■ THE TASK ■
Below is a listing with pictures. Repeat exactly the lines starting at the one holding "The fur symbolizes" and going on through the one holding "Brownie trufado de leite ninho e morangos", and leave every picture out.

■ RECORDED DATA ■
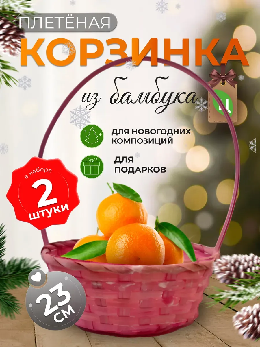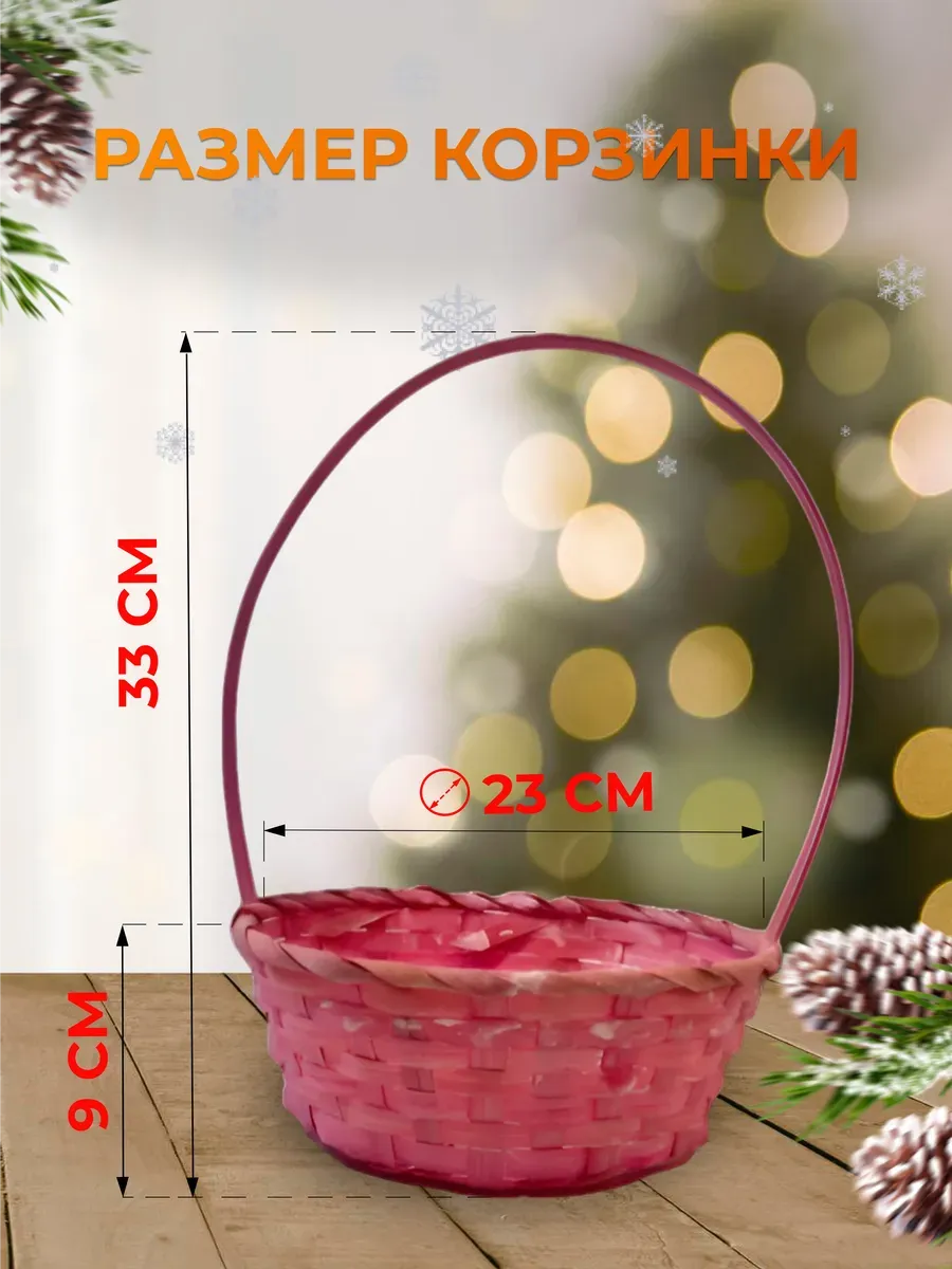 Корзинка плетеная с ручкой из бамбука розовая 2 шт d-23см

* * *

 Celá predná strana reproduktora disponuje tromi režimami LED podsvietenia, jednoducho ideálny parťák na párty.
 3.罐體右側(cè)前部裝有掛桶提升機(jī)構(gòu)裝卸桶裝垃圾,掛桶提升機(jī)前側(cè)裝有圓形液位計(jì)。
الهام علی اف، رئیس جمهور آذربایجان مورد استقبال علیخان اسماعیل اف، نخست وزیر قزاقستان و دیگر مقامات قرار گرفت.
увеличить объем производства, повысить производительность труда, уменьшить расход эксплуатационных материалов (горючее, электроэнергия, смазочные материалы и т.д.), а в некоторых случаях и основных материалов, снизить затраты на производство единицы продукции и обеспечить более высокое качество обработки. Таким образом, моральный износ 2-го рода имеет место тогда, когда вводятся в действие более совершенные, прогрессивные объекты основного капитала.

--

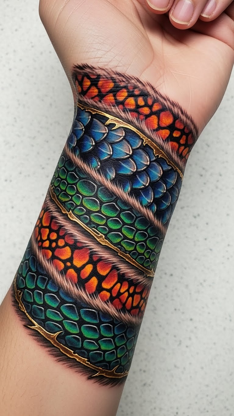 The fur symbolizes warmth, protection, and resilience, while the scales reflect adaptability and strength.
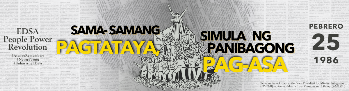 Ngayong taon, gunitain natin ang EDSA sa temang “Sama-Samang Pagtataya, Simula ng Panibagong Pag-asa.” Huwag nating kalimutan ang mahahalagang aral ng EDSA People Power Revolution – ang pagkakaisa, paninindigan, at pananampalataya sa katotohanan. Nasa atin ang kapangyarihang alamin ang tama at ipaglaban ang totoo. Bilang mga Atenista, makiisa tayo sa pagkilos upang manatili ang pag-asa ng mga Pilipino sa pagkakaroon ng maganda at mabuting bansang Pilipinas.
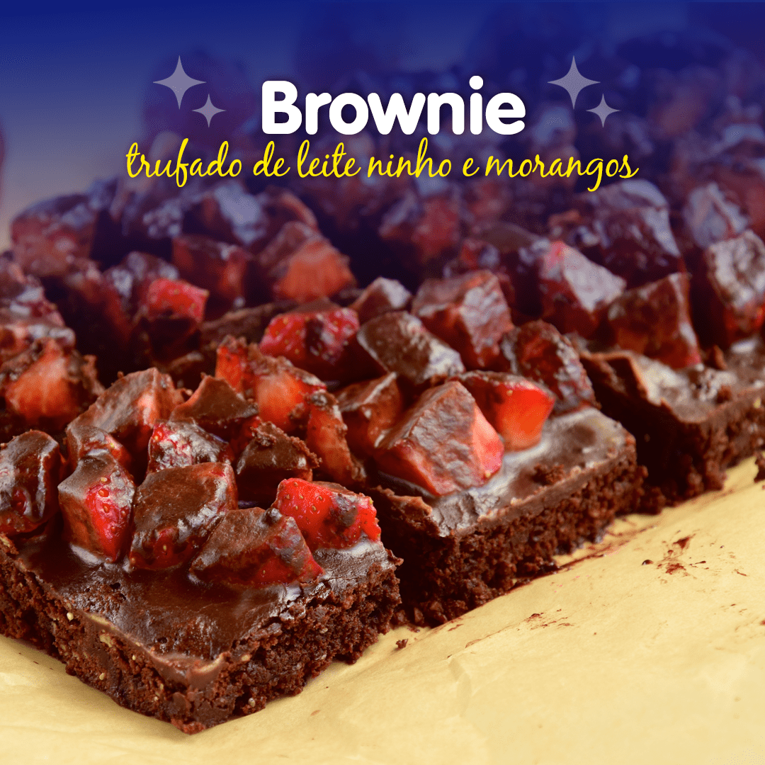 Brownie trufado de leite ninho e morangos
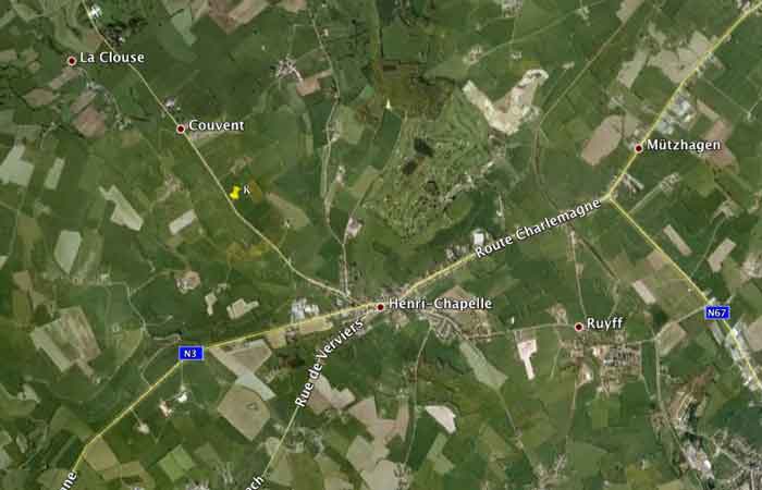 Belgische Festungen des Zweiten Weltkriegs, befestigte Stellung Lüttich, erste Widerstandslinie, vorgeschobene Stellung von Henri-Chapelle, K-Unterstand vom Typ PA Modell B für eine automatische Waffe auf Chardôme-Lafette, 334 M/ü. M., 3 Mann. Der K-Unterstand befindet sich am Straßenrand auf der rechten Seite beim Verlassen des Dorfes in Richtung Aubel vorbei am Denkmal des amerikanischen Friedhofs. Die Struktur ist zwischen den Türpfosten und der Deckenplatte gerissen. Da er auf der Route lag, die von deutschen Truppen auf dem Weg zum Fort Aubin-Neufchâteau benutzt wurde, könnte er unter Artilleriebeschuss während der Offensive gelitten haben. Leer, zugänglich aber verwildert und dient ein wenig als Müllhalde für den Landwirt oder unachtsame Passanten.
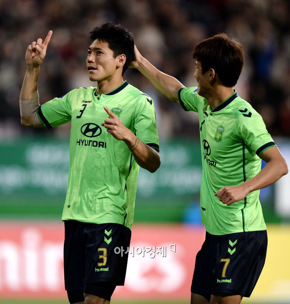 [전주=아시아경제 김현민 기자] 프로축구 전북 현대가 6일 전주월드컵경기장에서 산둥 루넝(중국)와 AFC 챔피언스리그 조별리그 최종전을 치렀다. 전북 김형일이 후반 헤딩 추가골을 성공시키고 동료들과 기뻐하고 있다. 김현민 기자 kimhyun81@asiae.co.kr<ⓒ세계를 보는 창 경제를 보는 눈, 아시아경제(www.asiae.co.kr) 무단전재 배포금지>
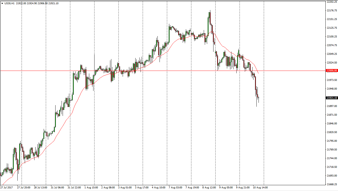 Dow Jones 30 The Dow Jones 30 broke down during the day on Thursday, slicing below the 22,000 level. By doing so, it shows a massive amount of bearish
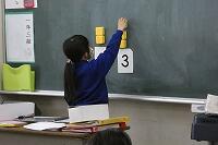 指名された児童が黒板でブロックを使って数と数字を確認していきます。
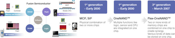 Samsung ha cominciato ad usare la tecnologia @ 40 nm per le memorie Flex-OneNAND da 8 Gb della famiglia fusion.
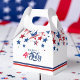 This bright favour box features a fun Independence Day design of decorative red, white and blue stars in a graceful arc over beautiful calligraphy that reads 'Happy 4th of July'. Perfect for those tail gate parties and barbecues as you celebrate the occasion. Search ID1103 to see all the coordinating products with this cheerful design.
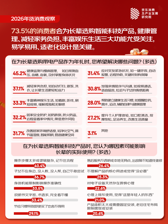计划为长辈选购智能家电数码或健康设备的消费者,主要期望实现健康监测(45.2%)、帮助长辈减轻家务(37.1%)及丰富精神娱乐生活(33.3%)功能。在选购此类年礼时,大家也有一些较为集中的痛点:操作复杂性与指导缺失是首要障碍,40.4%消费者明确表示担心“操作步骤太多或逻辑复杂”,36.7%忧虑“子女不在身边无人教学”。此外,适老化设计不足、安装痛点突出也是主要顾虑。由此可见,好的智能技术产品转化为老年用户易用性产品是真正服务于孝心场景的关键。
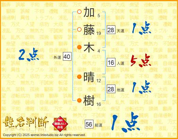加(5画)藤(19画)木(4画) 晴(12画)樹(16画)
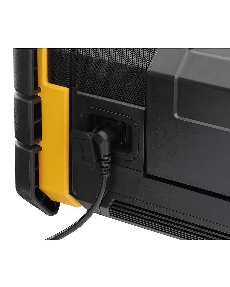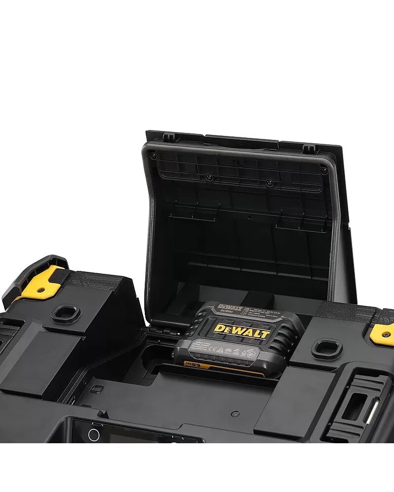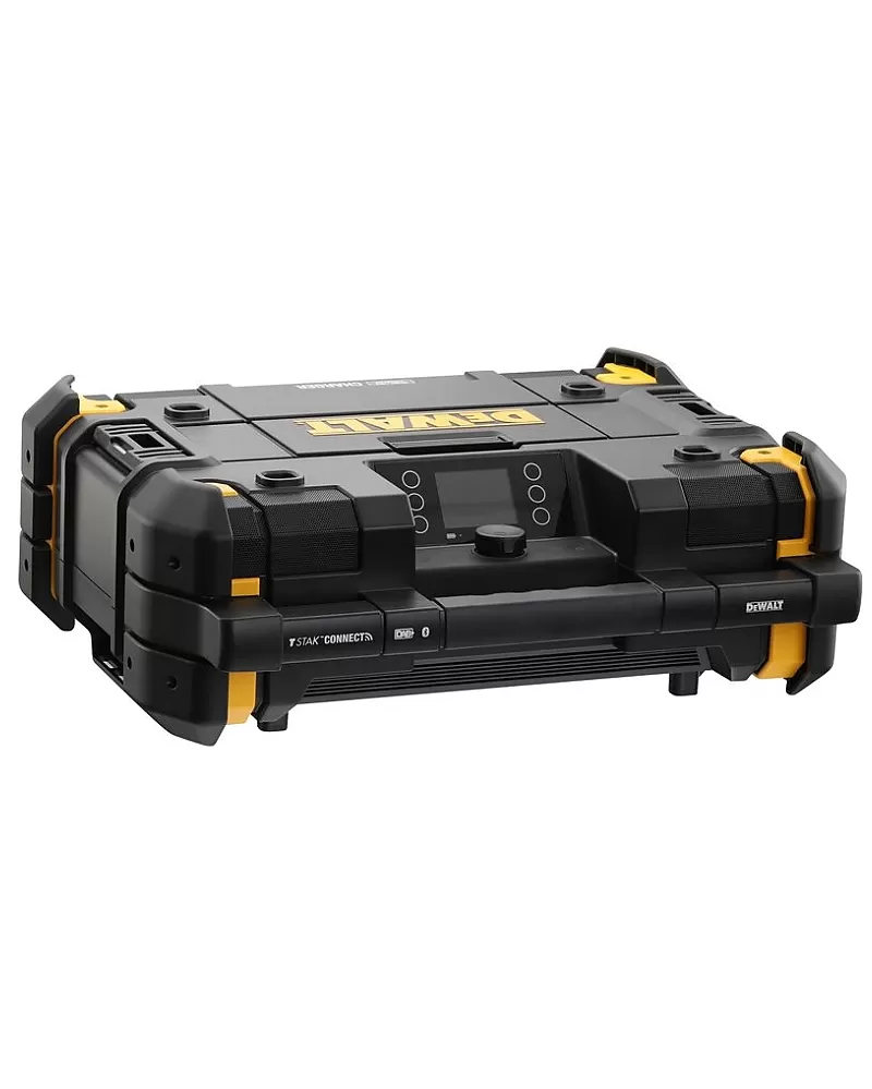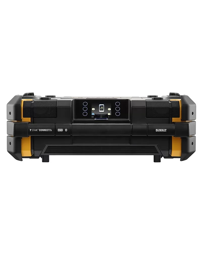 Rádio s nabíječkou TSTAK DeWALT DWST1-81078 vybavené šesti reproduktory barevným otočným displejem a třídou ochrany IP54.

■ YOUR RESPONSE ■
 The fur symbolizes warmth, protection, and resilience, while the scales reflect adaptability and strength.
 Ngayong taon, gunitain natin ang EDSA sa temang “Sama-Samang Pagtataya, Simula ng Panibagong Pag-asa.” Huwag nating kalimutan ang mahahalagang aral ng EDSA People Power Revolution – ang pagkakaisa, paninindigan, at pananampalataya sa katotohanan. Nasa atin ang kapangyarihang alamin ang tama at ipaglaban ang totoo. Bilang mga Atenista, makiisa tayo sa pagkilos upang manatili ang pag-asa ng mga Pilipino sa pagkakaroon ng maganda at mabuting bansang Pilipinas.
 Brownie trufado de leite ninho e morangos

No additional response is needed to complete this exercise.